======== Records supplied

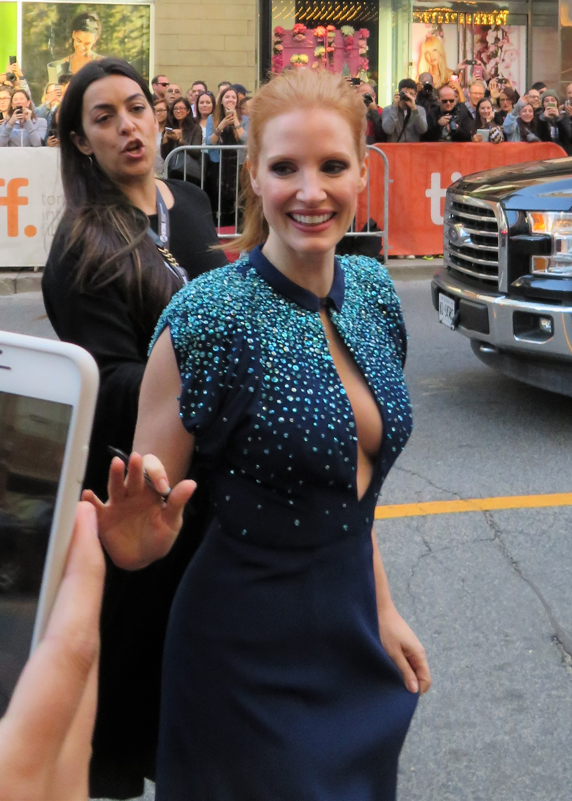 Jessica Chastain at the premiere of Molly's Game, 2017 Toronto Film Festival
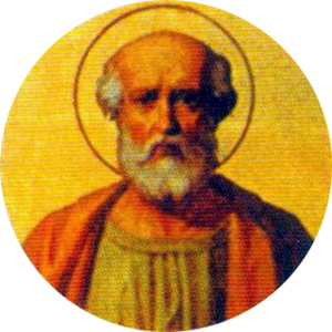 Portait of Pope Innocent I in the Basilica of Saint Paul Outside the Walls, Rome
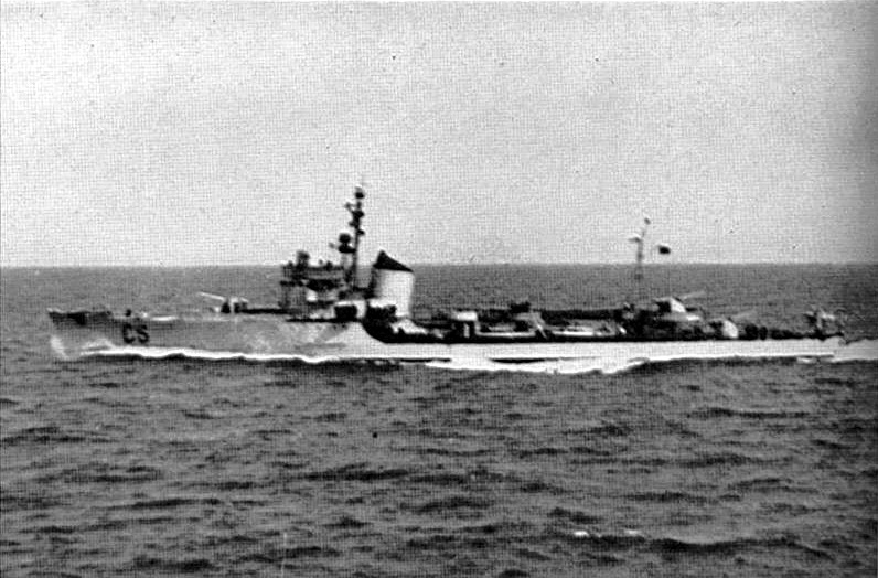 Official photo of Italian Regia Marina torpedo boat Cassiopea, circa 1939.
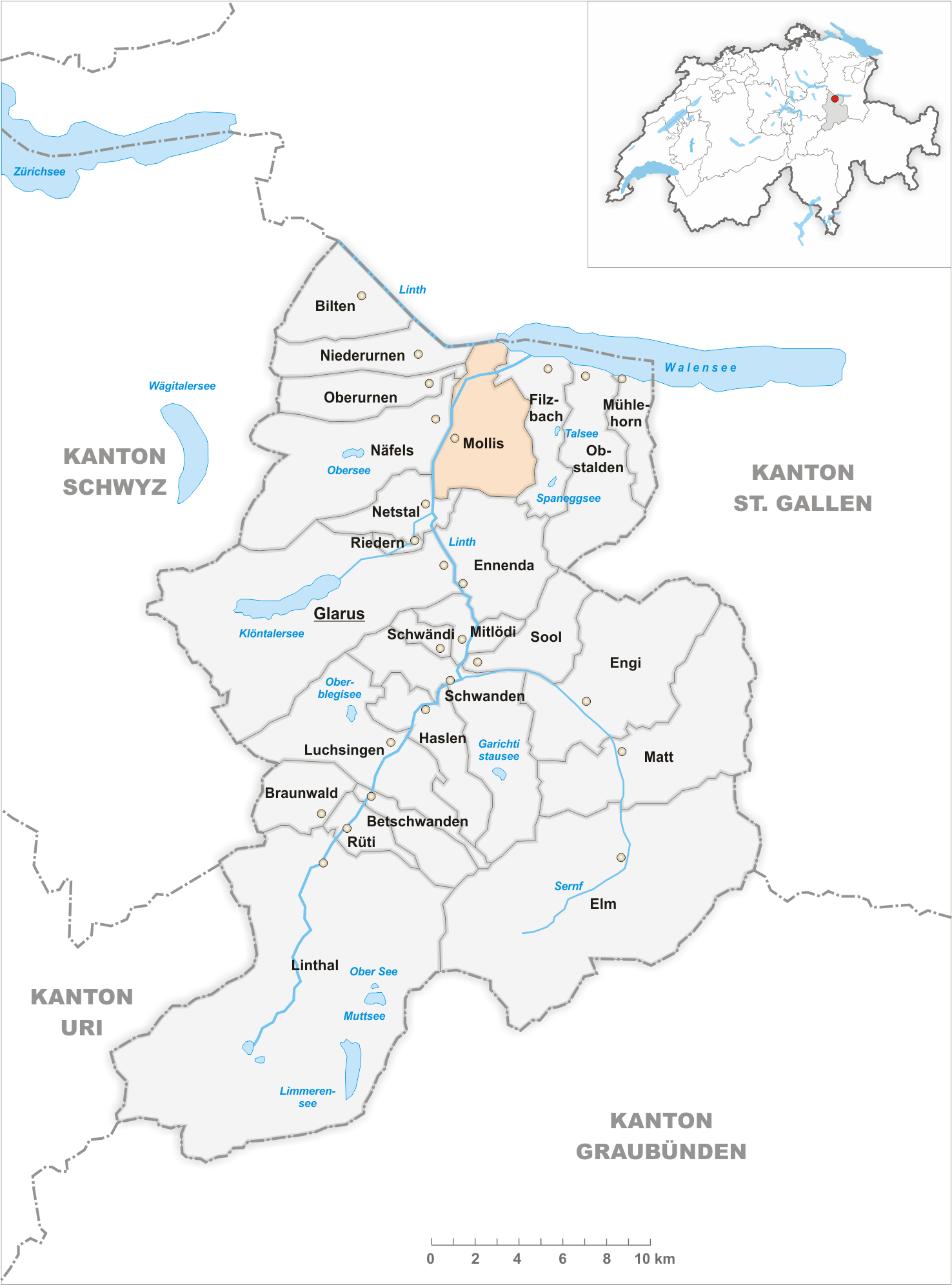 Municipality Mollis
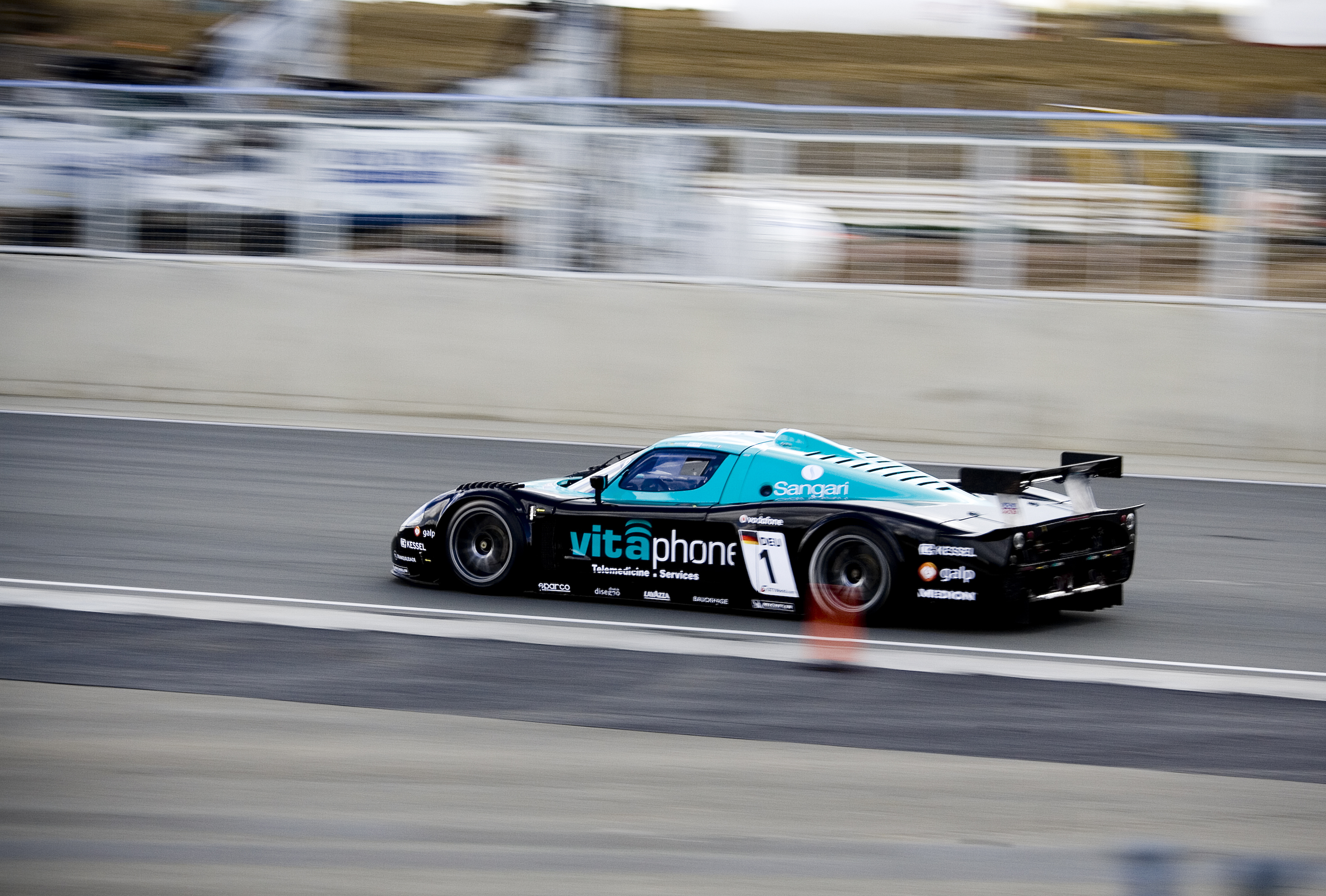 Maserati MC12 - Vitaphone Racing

================

Work instruction ->
Transcribe the records verbatim and omit the images.

Response below ->
 Jessica Chastain at the premiere of Molly's Game, 2017 Toronto Film Festival
 Portait of Pope Innocent I in the Basilica of Saint Paul Outside the Walls, Rome
 Official photo of Italian Regia Marina torpedo boat Cassiopea, circa 1939.
 Municipality Mollis
 Maserati MC12 - Vitaphone Racing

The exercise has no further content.